Они крепко держали свой уговор. Старая Лиза никому не выдала тайну, а Барбру собралась с силами и вела себя так, словно ничего не происходило. На ее счастье весна в этом году была ранняя. Снег в лесу растаял уже в марте; с появлением первой травки Барбру велела отправить коров на лесной выгон, лежавший далеко от усадьбы, сама со старой Лизой переселилась туда, чтобы смотреть за скотом.
Младенец родился в конце мая. Это был мальчик, и выглядел он еще слабее, чем ребенок, родившийся у нее прошлой осенью. Это было хилое маленькое существо, кричавшее без передышки.
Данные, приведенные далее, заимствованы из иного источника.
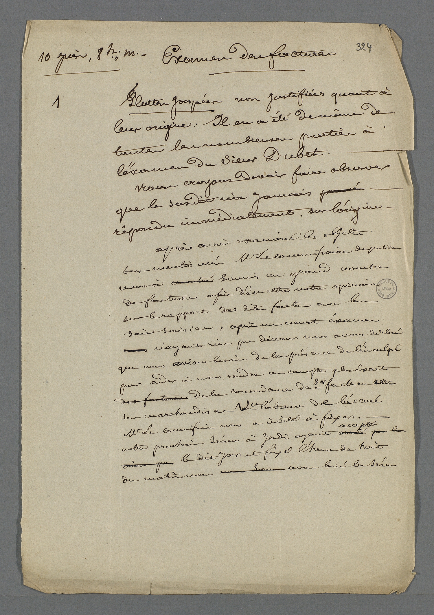Rapport d'expertise de Cochard et Pierre Charnier, membres du Conseil des Prud'hommes, concernant les biens saisis chez Pierre Dubet, durant la procédure lancée contre lui pour piquage d'once. (Bibliothèque municipale de Lyon - Fonds ancien, MS_RUDE_375_f321-324)

Когда старая Лиза показала ребенка Барбру, та горько засмеялась:
— Ради такого ребенка тебе не стоило заставлять меня жить.
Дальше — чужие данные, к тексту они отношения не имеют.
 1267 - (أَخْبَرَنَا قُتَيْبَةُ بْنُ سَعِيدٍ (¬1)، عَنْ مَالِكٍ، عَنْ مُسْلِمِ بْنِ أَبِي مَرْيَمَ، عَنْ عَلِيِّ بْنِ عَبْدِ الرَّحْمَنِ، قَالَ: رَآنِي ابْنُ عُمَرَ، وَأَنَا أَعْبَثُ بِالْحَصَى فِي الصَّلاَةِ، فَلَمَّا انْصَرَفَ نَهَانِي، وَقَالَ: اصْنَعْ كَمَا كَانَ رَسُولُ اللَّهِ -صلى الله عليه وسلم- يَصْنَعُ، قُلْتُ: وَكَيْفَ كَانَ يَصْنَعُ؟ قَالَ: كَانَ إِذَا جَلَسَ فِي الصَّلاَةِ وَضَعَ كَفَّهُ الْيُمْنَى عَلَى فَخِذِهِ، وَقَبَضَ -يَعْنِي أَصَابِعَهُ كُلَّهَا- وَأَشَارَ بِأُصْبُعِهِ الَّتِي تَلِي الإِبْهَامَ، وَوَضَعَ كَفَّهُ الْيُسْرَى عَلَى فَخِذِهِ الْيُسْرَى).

— По такому крошечному существу еще нельзя предсказать, что из него выйдет, — сказала старуха.
— Не забудь, что ты обещала предоставить мне полную свободу, — произнесла угрюмо Барбру.
— Да, — отвечала старуха, — но сначала я должна убедиться, что он — слепой.
— Как будто ты сразу не видишь, что это за ребенок, — сказала Барбру.
Сама Барбру чувствовала себя гораздо хуже, чем после первых родов. Всю первую неделю она была так слаба, что не могла вставать. Ребенка поместили не в избе, а в одном из маленьких сараев, стоявших на выгоне.
Старая Лиза день и ночь ухаживала за ним, поила его козьим молоком, с трудом поддерживая в нем жизнь. Несколько раз на дню вносила она его в избу, но Барбру отворачивалась к стене и не хотела его видеть.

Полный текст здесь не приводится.